J. Edgar is Eastwood's biopic about J. Edgar Hoover, long time Director of the FBI (and architect of the FBI as we know it today).  While the film covers Hoover's life from shortly before he took the position with the FBI up until his death, it really is more of a character study of his relationships with family and co-workers as well as how he viewed himself.  If you are looking for an action filled story about major crime busts that Hoover oversaw during his years in office, you won't find it here.  What you will find is a film that shows how his own paranoia about just about anyone and everyone led to trailblazing improvements in how the FBI operated (including forensic studies of crimes), even if they were ethically questionable at times.  That same paranoia caused him to trust only a select few that he allowed into his inner circle, and made him quite difficult to deal with at that.  

Of course, this is a biopic about a man who died in 1972, so one can only guess at how accurate the portrayal is.  Along with Hoover's nature of keeping personal secret files on just about anyone that he thought could one day threaten his position make you wonder if we'll ever know what truly happened.  That being said, the performances put forth by both Leonardo DiCaprio (as Hoover) and Armie Hammer (as Clyde Tolson, Hoover's long time right hand man...and lover?) are excellent.  Naomi Watts has an increasingly diminishing (but quite important) role as Hoover's personal secretary and early romantic interest, Helen Gandy.  There are also nice cameos by Dame Judi Dench (J. Edgar's mother Annie Hoover), Burn Notice's Jeffrey Donovan (Robert F. Kennedy), Josh Lucas (Charles Lindbergh), and Christopher Shyer (Richard Nixon).
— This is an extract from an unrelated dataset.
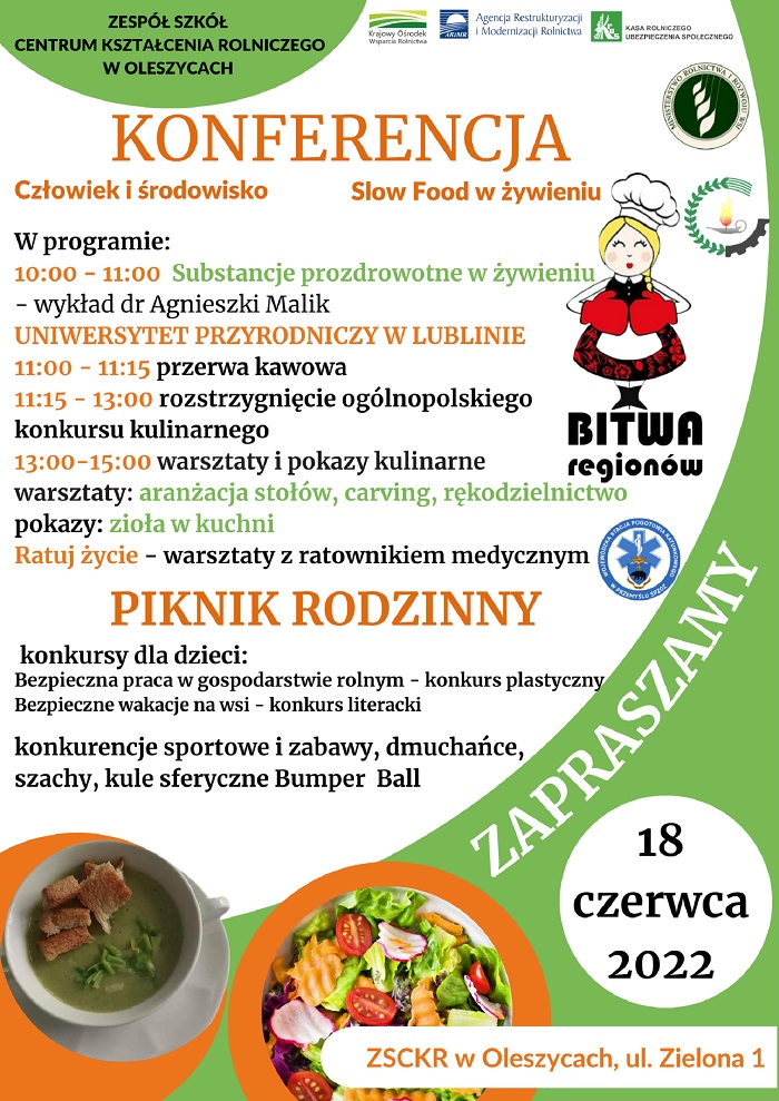 18 czerwca w Zespole Szkół Centrum Kształcenia Rolniczego odbędzie się I etap Ogólnopolskiego Konkursu Kulinarnego Bitwa Regionów, połączony z konferencją oraz piknikiem rodzinnym.

Because it focuses more on Hoover's personal relationships than it does cracking down on crime (aside from the portrayal of the Lindbergh baby kidnapping case), it has a tendency to be a slow moving film.  That isn't to say that it isn't worth checking out - just a warning for anyone like myself who may have tried to avoid spoilers and are expecting at least a little bit more action.  J. Edgar isn't Clint Eastwood's strongest directorial outing, but it does give us about as good a look into the live of J. Edgar Hoover as anyone could expect to get, and the performances by DiCaprio and Hammer make it worth the price of admission and may even garner Oscar attention.